Operator, I think we have time for one more question.
So we have the question comes from the line of Todd Coupland of CIBC.
I wanted to ask a question in light of the Square acquisition of buy-now-pay-later, $29 billion acquisition, a big move in fintech. You're obviously seeing great traction with payments. Is a buy-now-pay-later button something that you think is important to your customer base? And if it is, how are you thinking about that opportunity?
So I'll start on the customer side and then if you guys want to jump in. I mean, again, this play is a consumer play, where a consumer is purchasing from a vendor, and we're giving them financing and payment terms. So I think it is valuable for Lightspeed merchants. But for now, we are actually working with a number of partnerships, and we do not handle this ourselves. Maybe just when we think about going forward and you think about what we're building here and we're going to hold a ton of data between suppliers, stores and consumers. This will help us, of course, as we go forward, better understand credit and how we can handle this. But I think for now, we're just going to focus on what we launched. As you know, we're launching payments. This is very important to us. We're creating a lot of value with all the acquisitions and the acceleration of road maps, we're going to finalize this. So I think that's going to be -- if we think about it, it won't be in the coming 12 months, it will be later.

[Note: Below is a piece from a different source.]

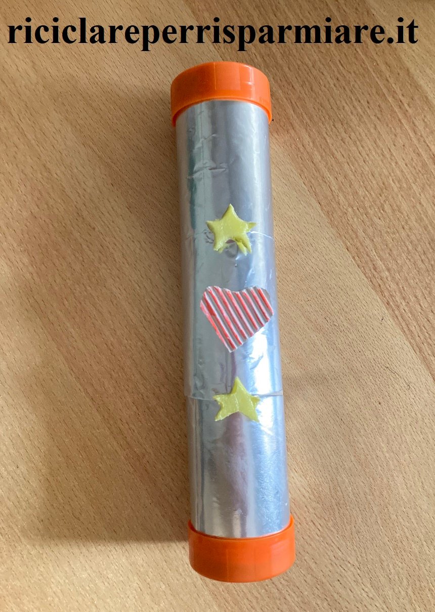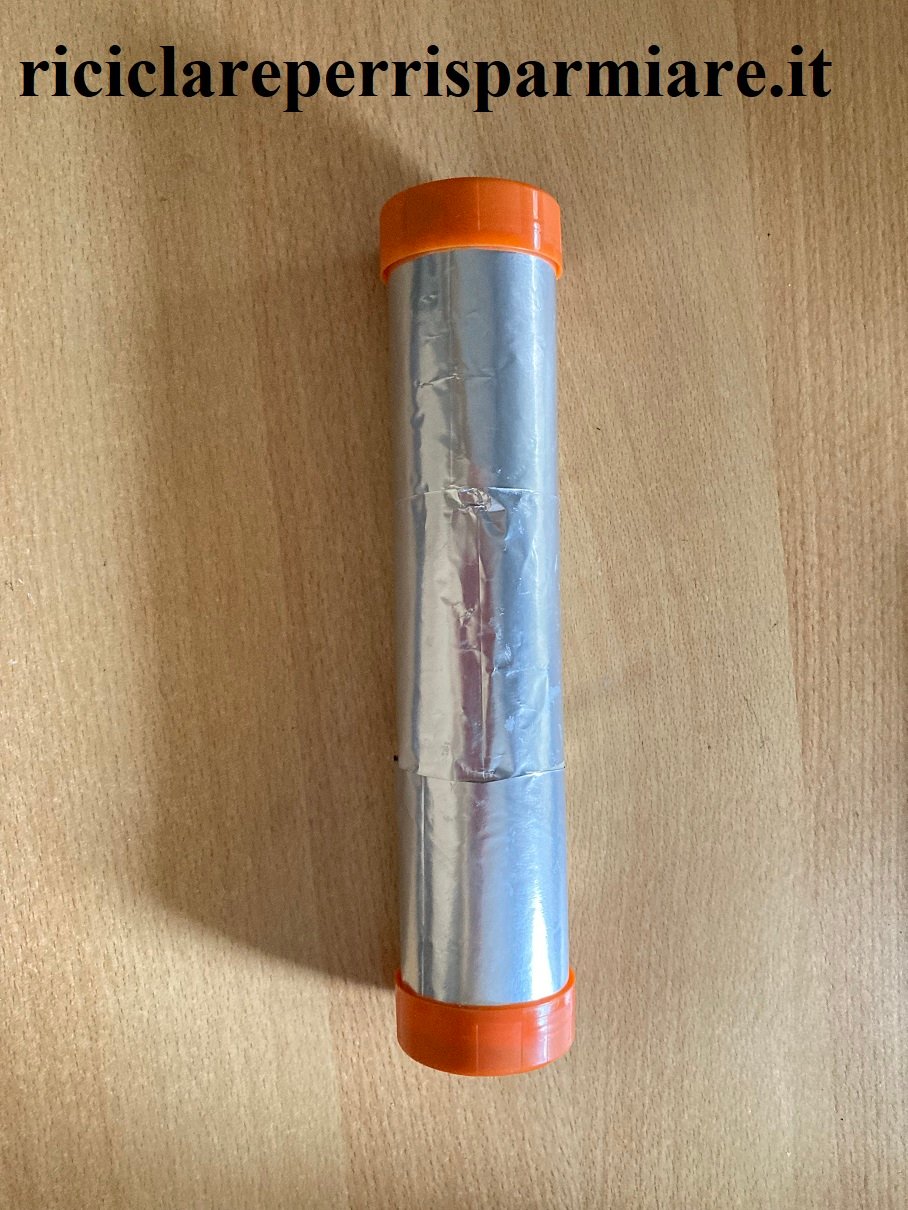 Come creare un tubo contenitore e riciclare cartone; crea un tubo per custodire i tuoi oggetti. La mamma di Maria l’ha usato come custodia per gli spiedini.

For now, we're going to partner with companies who provide lending.
Okay. I think we'll wrap it up there. So thank you, everybody, for joining us today. Again, the senior management team will be available for questions if anybody has any. Please feel free to reach out to me, if you want to schedule a call. And thank you for joining again, and have a great day.
Thank you. That concludes today's conference call. Thank you all for participating. You may now disconnect.